Channel Mixing: Squared ReLU Gating

class RWKVChannelMixer(nn.Module):
    def __init__(self, embed_dim, expand_factor=4):
        super().__init__()
        self.hidden_dim = embed_dim * expand_factor
        self.key = nn.Linear(embed_dim, self.hidden_dim, bias=False)
        self.receptance = nn.Linear(embed_dim, embed_dim, bias=False)
        self.value = nn.Linear(self.hidden_dim, embed_dim, bias=False)
        self.ln = nn.LayerNorm(embed_dim)

    def forward(self, x):
        x = self.ln(x)
        return torch.sigmoid(self.receptance(x)) * self.value(F.relu(self.key(x)) ** 2)

Squared ReLU ($\text{ReLU}(x)^2$) gives smoother gradients than standard ReLU while preserving sparsity.

The Complete RWKV Model

Stack the blocks, add weight tying between embedding and output head:

class RWKV(nn.Module):
    def __init__(self, vocab_size, embed_dim, num_layers, num_heads=1, expand_factor=4):
        super().__init__()
        self.embedding = nn.Embedding(vocab_size, embed_dim)
        self.blocks = nn.ModuleList([
            RWKVBlock(embed_dim, num_heads, expand_factor) for _ in range(num_layers)
        ])
        self.ln_out = nn.LayerNorm(embed_dim)
        self.head = nn.Linear(embed_dim, vocab_size, bias=False)
        # Weight tying (like Transformers)
        self.head.weight = self.embedding.weight

    def forward(self, x, states=None, use_recurrent=False):
        x = self.embedding(x)
        for i, block in enumerate(self.blocks):
            if use_recurrent:
                x, new_state = block(x, states[i], use_recurrent=True)
            else:
                x, _ = block(x)
        return self.head(self.ln_out(x)), states

Autoregressive Generation

Process the prompt in parallel, then switch to single-step recurrence for generation:

@torch.no_grad()
def generate(self, prompt_tokens, max_new_tokens, temperature=1.0):
    self.eval()
    context = prompt_tokens.clone()
    states = None

    # Process prompt in parallel for efficiency
    logits, _ = self(context, use_recurrent=False)
    logits = logits[:, -1, :]  # get last token logits

    for _ in range(max_new_tokens):
        next_token = torch.multinomial(
            F.softmax(logits / temperature, dim=-1), num_samples=1
        )
        context = torch.cat([context, next_token], dim=1)
        # Single recurrent step: O(1) memory
        logits, states = self(next_token.squeeze(1), states, use_recurrent=True)

    return context

Each new token after the prompt costs $O(1)$ memory -- no growing cache.

Implementation Pitfalls

Decay must be positive.

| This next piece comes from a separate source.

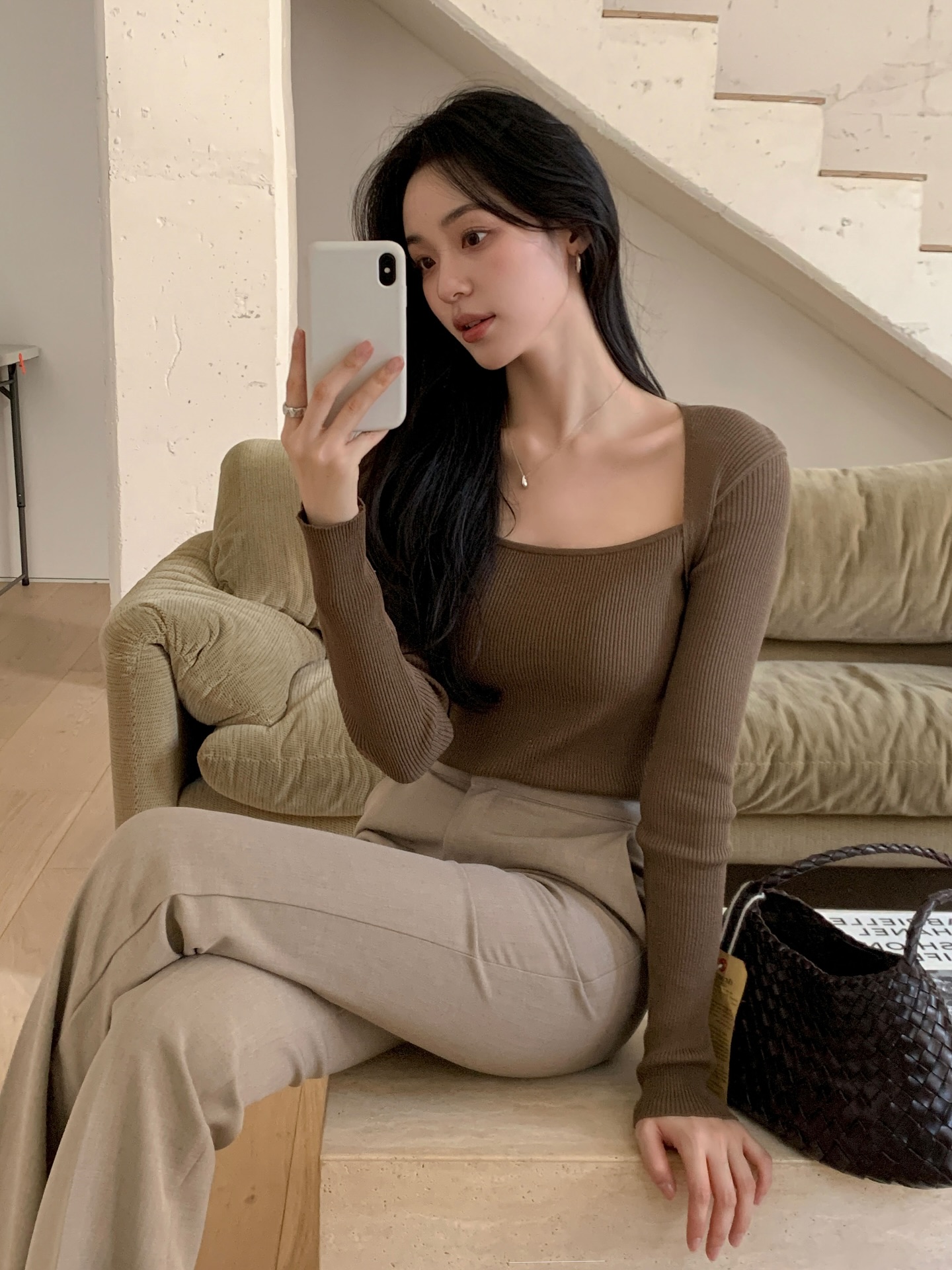 Đây là combo hoàn hảo cho môi trường công sở. Áo len màu trung tính phối cùng quần âu ống suông giúp tạo nên vẻ ngoài chỉn chu nhưng vẫn thoải mái. Một chiếc áo len cổ tròn hoặc cổ tim màu xám nhạt đi cùng quần âu đen, nâu hoặc xám đậm sẽ giúp bạn trông vừa gọn gàng vừa chuyên nghiệp.

Parameterize $w$ through sigmoid to keep it in $(0, 1)$.
Time-first initialization matters. Set $u = 1.0$ (so $\sigma(u) \approx 0.73$) to bias toward the current token.
Gradient clipping is not optional. Without clipping at norm 1.0, early training often diverges.
Zero-initialize state. The recurrent state starts at zero, representing no prior context.